The quality and diversity of these captions will significantly impact the system’s performance.

Let’s Test by Finding Captions

Now, I will take an image as input and use our AI Image Recommendation System to find the best captions for the image. Below is the image I am using:

Aman Kharwal: AI Image Caption Recommendation System
aman.png

Now, let’s find the most relevant captions for the image:

from sklearn.metrics.pairwise import cosine_similarity 

best_captions, similarities = image_captioning("/content/aman.png", candidate_captions)

# get the top 5 results
top_n = min(5, len(best_captions))
top_best_captions = best_captions[:top_n]
top_similarities = similarities[:top_n]

print("Top 5 Best Captions:")
for i, (caption, similarity) in enumerate(zip(top_best_captions, top_similarities)):
    print(f"{i+1}. {caption} (Similarity: {similarity:.4f})")
Top 5 Best Captions:
1. Your moment of peace, your daily indulgence. (Similarity: 0.2538)
2. Embrace the moment, one cup at a time. (Similarity: 0.2515)
3. Taste the world, one sip at a time. (Similarity: 0.2495)
4. Unwind and enjoy. (Similarity: 0.2487)
5. Savor the moment of peace. (Similarity: 0.2486)
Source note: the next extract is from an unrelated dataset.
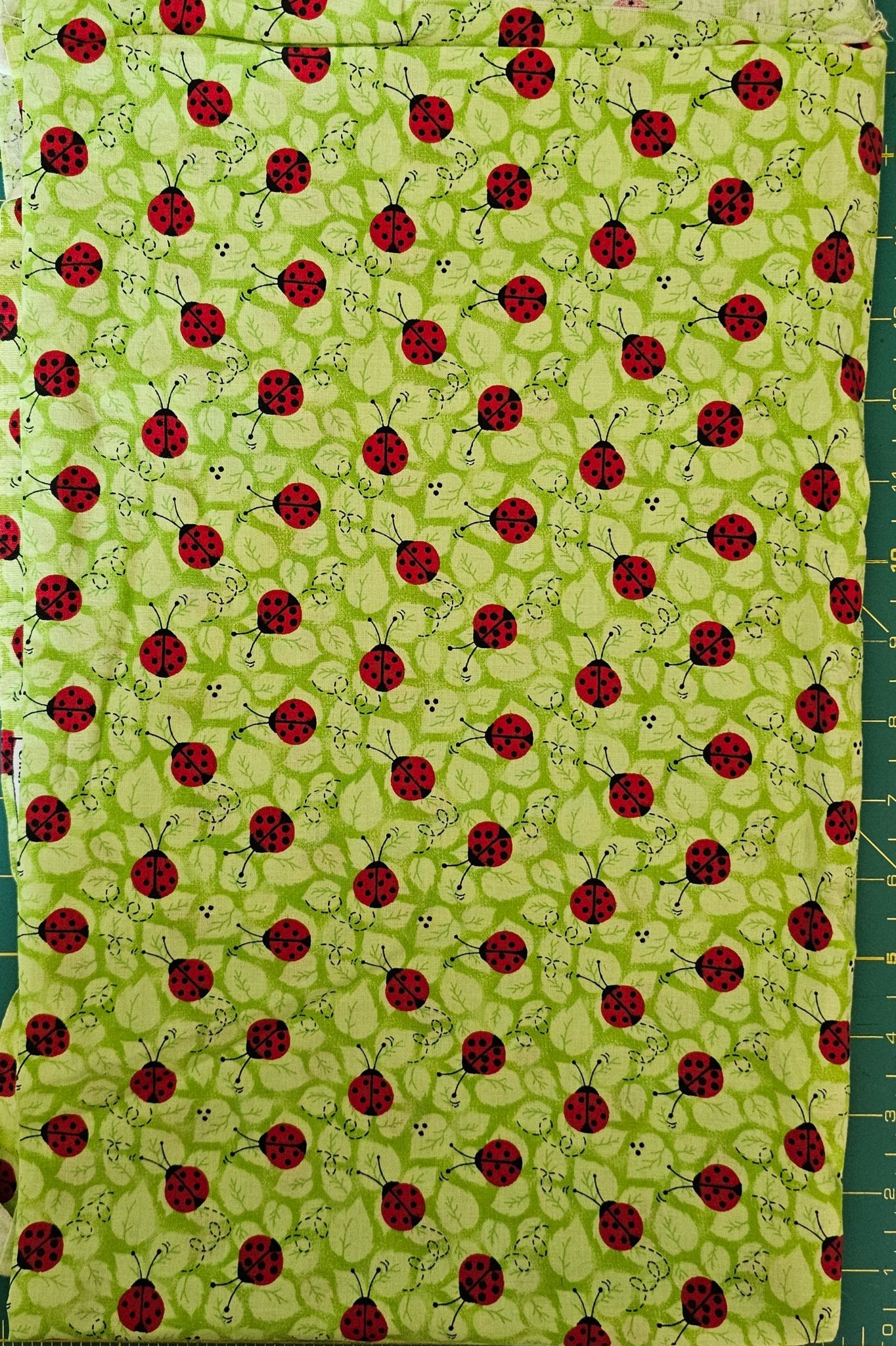 Fabric Cotton Ladybug Red Green Scant 1Yard Pre-washed

This is how to use the image_captioning function with an image path and the list of candidate captions. As you can see, it then prints the top 5 best captions along with their similarity scores. This caption recommendation system doesn’t describe the image that an LLM will do. It recommends a relevant caption from a list of captions that you can use on social media platforms.
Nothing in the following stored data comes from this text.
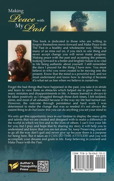 This book is dedicated to those who are willing to forgive themselves move forward and Make Peace with The Past in a healthy and wholesome way. Which so many of us miss out on, if you stick to one thing and never accept change you will never make progress. Making peace with the past and accepting the pressure, looking forward to a better and brighter future is so vital to life being authentic about yourself. I still remember the days I prayed for the thing I have now. You must believe in who you were created to be moving into the present. Know that the mind is a powerful tool, and we must understand and know how to develop it because it's what set us free when we believe in ourselves. Forget the bad things that have happened in the past, you take it in stride and learn to view them as obstacles which helped me to grow from my many mistakes and disappointments in life. A lesson learned is always to be taken positively as I struggled through those dark times, I felt isolated, alone, and most of all ashamed because of the way my life had turned out. However, the outcome through persistence and hard work I was determined to make the change that was so needed it's not always the easiest thing to do but know this you can do anything you set your mind to. We only get this opportunity once in our lifetime to display the many gifts and talents that we are created and designed with to make a difference in the world in which we live and in the lives of others. I can't live your life for you, but I pray and hope that by sharing my story it will help you to understand and know that you are not alone. So, keep Preserving yourself to go all the way don't quit and never give up because there is a purpose for being here. But it takes an I CAN DO THIS ATTITUDE! and you will accomplish your dreams and goals in life. Keep believing in yourself and Make Peace with the Past.
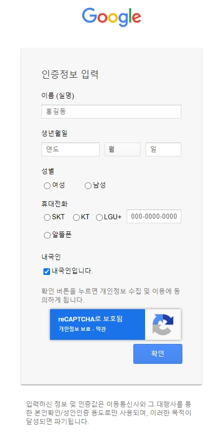 인증 버튼을 클릭하면 이름·생년월일·성별·내국인 여부·한국 휴대전화 정보 입력창으로 이동합니다. 각 항목에 정확한 정보를 입력한 뒤 확인 버튼을 클릭하여 다음 단계로 진행합니다. 단, 한국 휴대전화 번호만 인증에 사용 가능하므로 외국 번호는 사용할 수 없습니다.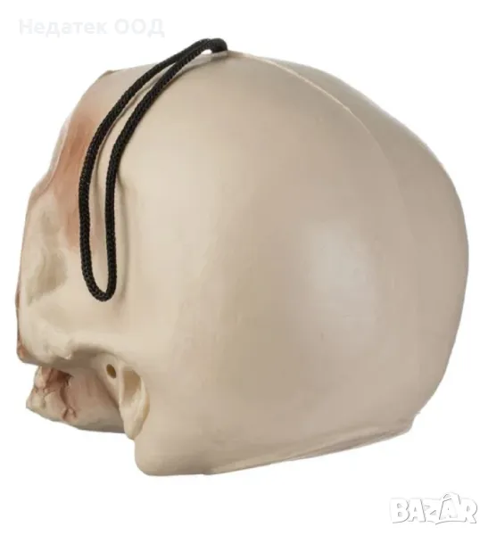 Декоративна висулка с реалистичен череп на скелет в бежово, кафяво и черно с черна връв. Можете да го закачите или поставите, тъй като има и основа.Идеален за най-страшната декорация за Хелоуин!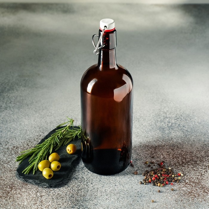Бутылка бугельная, 1 л, с пробкой, цвет коричневый

If you want to learn more about ML Algorithms, Generative AI and LLMs, my book will help you in your journey. Here are links to find the ebook and paperback versions:

  1. Paperback on Amazon
  2. Affordable Ebook on Google Play

Summary

So, by leveraging CLIP’s ability to create joint image-text embeddings, the system efficiently matches an image to the most similar captions from a pre-defined list, which offers a practical solution for quickly finding relevant captions for platforms like social media. I hope you liked this article on building an AI Image Caption Recommendation System using LLMs and Machine Learning with Python.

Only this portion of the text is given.